Regardless of who eventually wins, if the party splits or doesn't, Labour looks finished. It's that the alternatives are even worse. Everything seems to be coming together to ensconce the Conservatives in power again for a generation, only this time with even less opposition than before. I mean, fuck me, More United? When Jo Cox said it, it meant something. When appropriated by Caroline Criado-Perez, the singer out of the Kooks, Maajid Nawaz and tech entrepreneurs chomping at the bit to profit from using "new technologies to drive a revolution in improving public services", it's fairly obvious what this is about. It's not as though tech has most certainly been behind the further atomisation of society, has it?

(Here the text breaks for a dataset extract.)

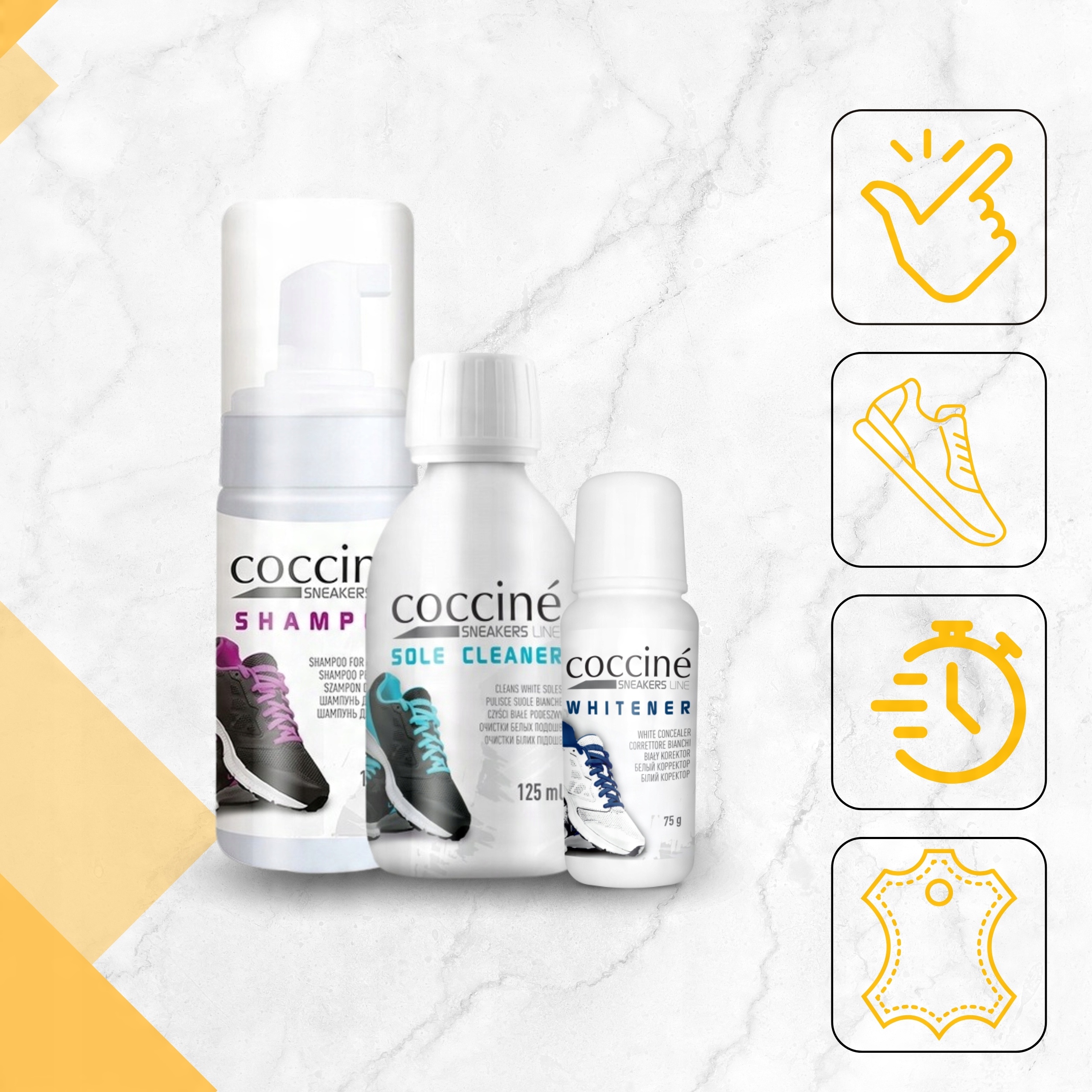Шампунь для кросівок кокцину - це інноваційний шампунь з пінопласту, створений для ефективного очищення піднімків спорту та повсякденного взуття. Завдяки спеціальній формулі, вона видаляє бруд з текстильних матеріалів, товстих тканин, велюру та замші -без потреби у воді!

This whole year has been revenge of the forgotten, ignored and angry. Of course in actuality they haven't been forgotten or ignored, they've mostly been pampered their whole lives, but they believe they have been. All it took to get them energised was some good old fashioned xenophobia, and in the case of the Donald, explicit racism. Make no mistake, Trump will win in November. He might not had the Democrats gone with someone other than Hillary, but she will seal it. Had the Democrats crowned a balloon with a face drawn in marker pen on it, it would probably have the beating of Trump. Hillary is beyond toxic: when millennial women are making clear they won't vote for the first woman president because her name will be Hillary, the game is up.
Shouldn't this be having the opposite effect? Shouldn't I galvanised by the prospect of a Trump presidency, of seeing the Brexiters fail miserably? Not when it's so obvious the left can't win in any case. I just can't see the point of going on battling. In every war there comes a time when you have to sit down and examine if the point has been reached when it's better not to go on fighting. I think that point may well have been reached. Combined with other developments, to call back that post from last week disappearing, there simply doesn't seem any point continuing with a blog purely built around despair rather than the slightest hope. I still though have some thinking to do.